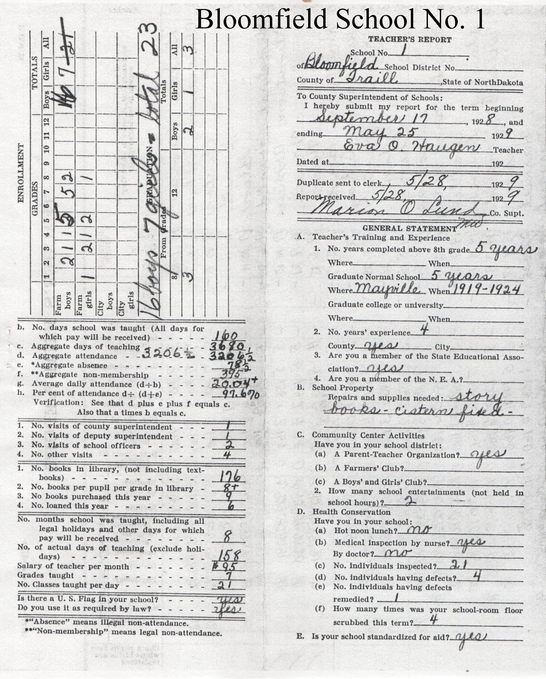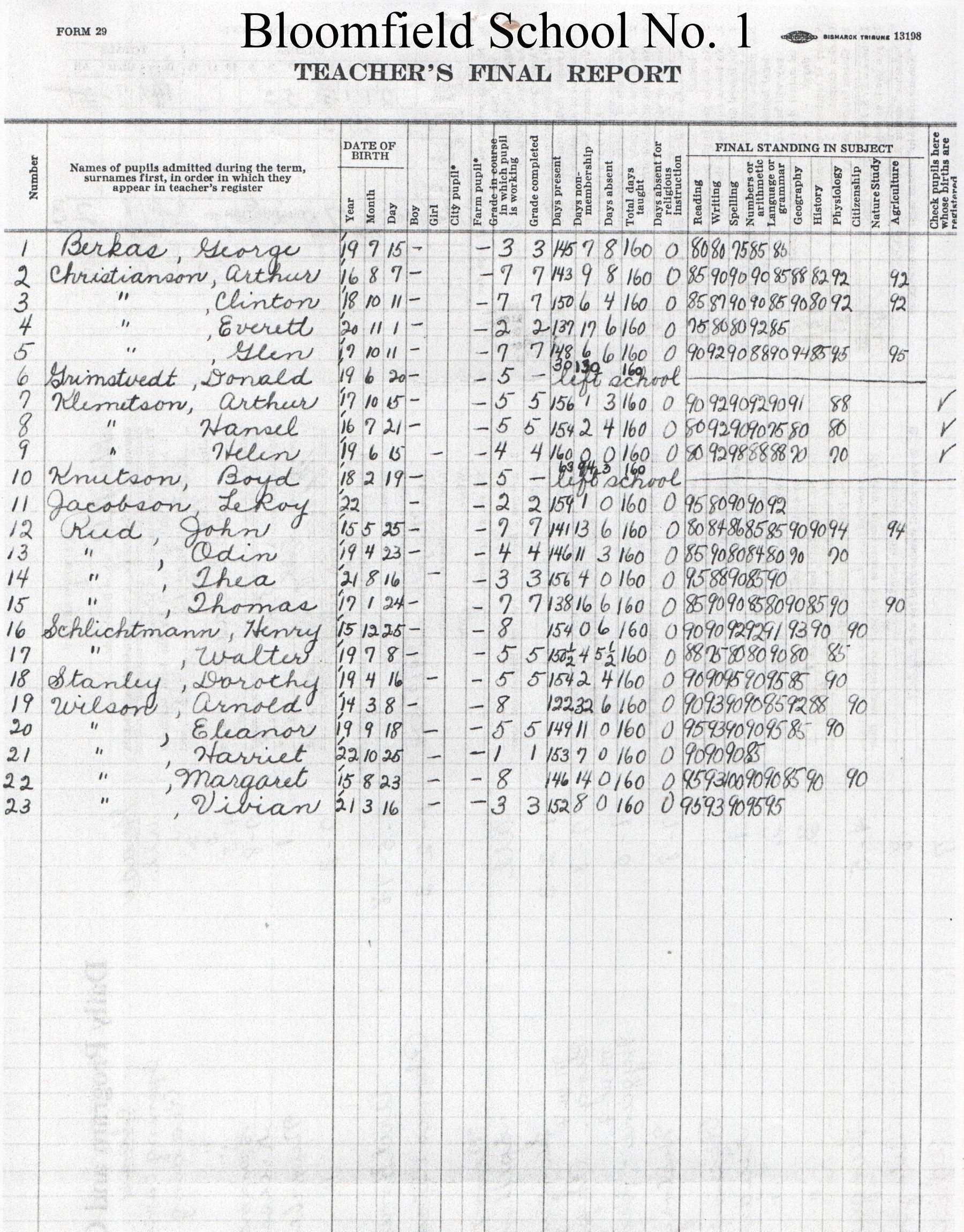 On 28 May 1929, Bloomfield School No. 1 teacher Eva O. Haugen reported attendances and standings in studies pursued for 23 students, including George Berkas, Arthur Christianson, Clinton Christenson, Everett Christianson, Glen Christianson, Donald Grimstvedt, Arthur Klemetson, Hansel Klemetson, Helen Klemetson, Boyd Knutson, LeRoy Jacobson, John Rud, Odin Rud, Thea Rud, Thomas Rud, Henry Schlichtmann, Walter Schlichtmann, Dorothy Stanley, Arnold Wilson, Eleanor Wilson, Harriet Wilson, Margaret Wilson and Vivian Wilson.
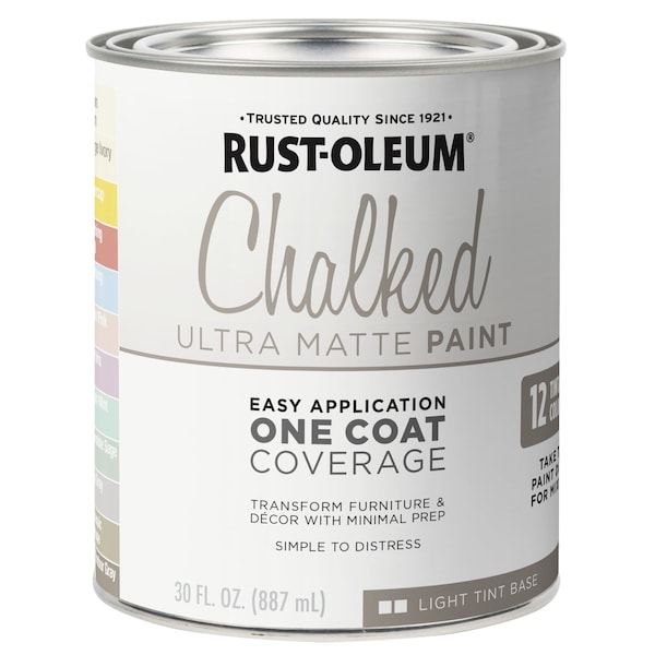 Rust-Oleum Chalked Paint creates an ultra matte finish with excellent coverage and adhesion. It transforms and rejuvenates furniture and home decor with a smooth matte finish. This paint provides one coat coverage on most surfaces without special surface preparation or priming. It can be painted or distressed, giving any project a one-of-a-kind look. Rust-Oleum Chalked Paint can be used on wood, metal, ceramic, glass, canvas and more.
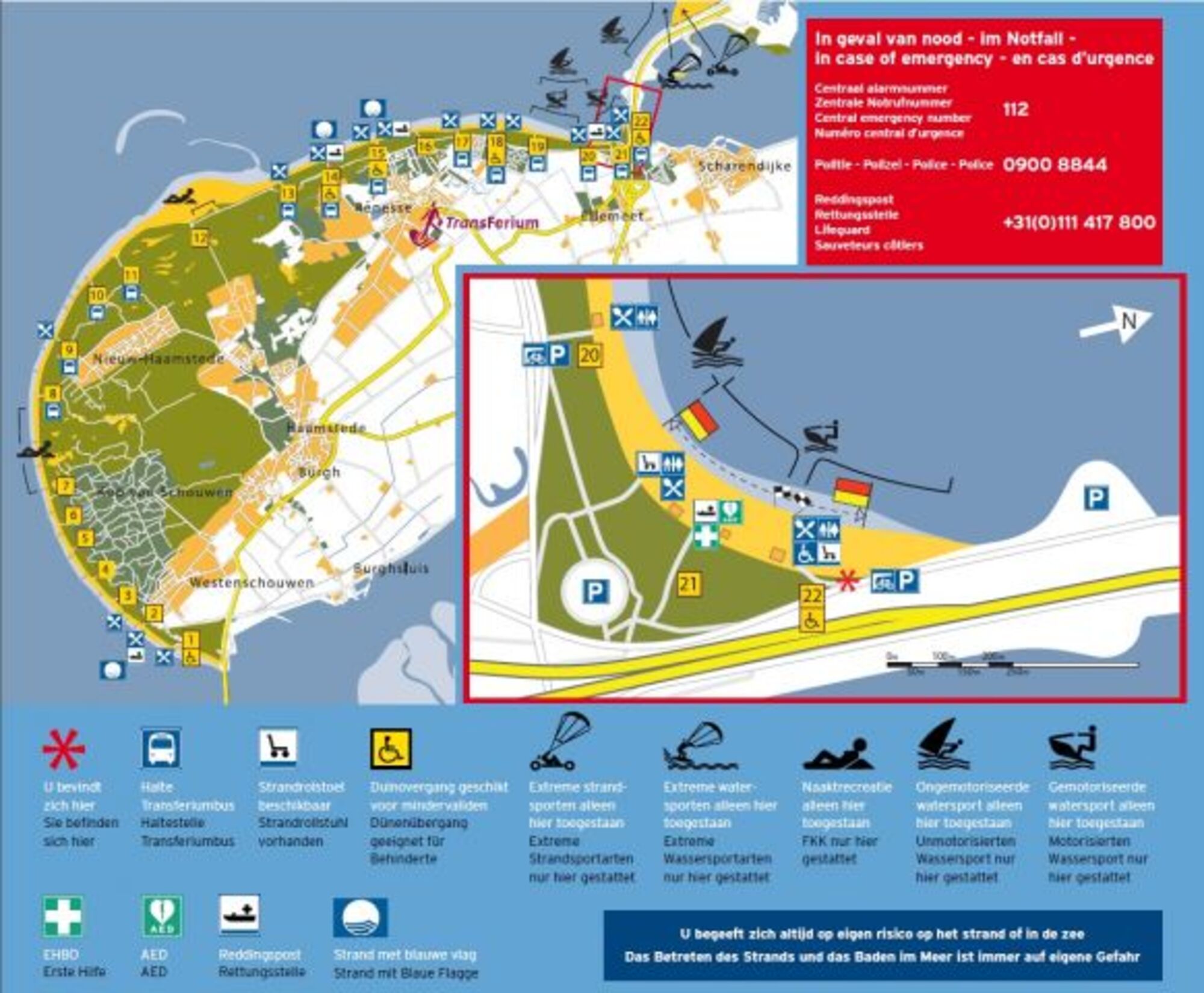 Wer will, kann in der Nordsee (3 km entfernt) und dem Grevelingermeer(500 m entfernt) fantastisch Wassersport betreiben. Mit dem Fahrrad erreicht man über Fahrradwege sowohl die Nordsee als auch das lebhafte Städtchen Renesse. Man kann an Renesse vorbei durch die Dünen auf schönen Muschelwegen bis Burgh-Haamstede und weiter durch das Oosterscheldekering, das Naturschutzgebiet Kwade Hoek bei Ouddorp, die Städtchen
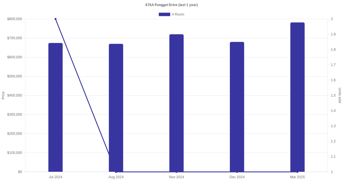 Below is a quick summary of the resale transactions volume and average price trends for the 4 room units at 676A Punggol Drive.

···

- **Exercise**
The required output is each line above restated verbatim, with all images omitted.

- **Result**
 On 28 May 1929, Bloomfield School No. 1 teacher Eva O. Haugen reported attendances and standings in studies pursued for 23 students, including George Berkas, Arthur Christianson, Clinton Christenson, Everett Christianson, Glen Christianson, Donald Grimstvedt, Arthur Klemetson, Hansel Klemetson, Helen Klemetson, Boyd Knutson, LeRoy Jacobson, John Rud, Odin Rud, Thea Rud, Thomas Rud, Henry Schlichtmann, Walter Schlichtmann, Dorothy Stanley, Arnold Wilson, Eleanor Wilson, Harriet Wilson, Margaret Wilson and Vivian Wilson.
 Rust-Oleum Chalked Paint creates an ultra matte finish with excellent coverage and adhesion. It transforms and rejuvenates furniture and home decor with a smooth matte finish. This paint provides one coat coverage on most surfaces without special surface preparation or priming. It can be painted or distressed, giving any project a one-of-a-kind look. Rust-Oleum Chalked Paint can be used on wood, metal, ceramic, glass, canvas and more.
 Wer will, kann in der Nordsee (3 km entfernt) und dem Grevelingermeer(500 m entfernt) fantastisch Wassersport betreiben. Mit dem Fahrrad erreicht man über Fahrradwege sowohl die Nordsee als auch das lebhafte Städtchen Renesse. Man kann an Renesse vorbei durch die Dünen auf schönen Muschelwegen bis Burgh-Haamstede und weiter durch das Oosterscheldekering, das Naturschutzgebiet Kwade Hoek bei Ouddorp, die Städtchen
 Below is a quick summary of the resale transactions volume and average price trends for the 4 room units at 676A Punggol Drive.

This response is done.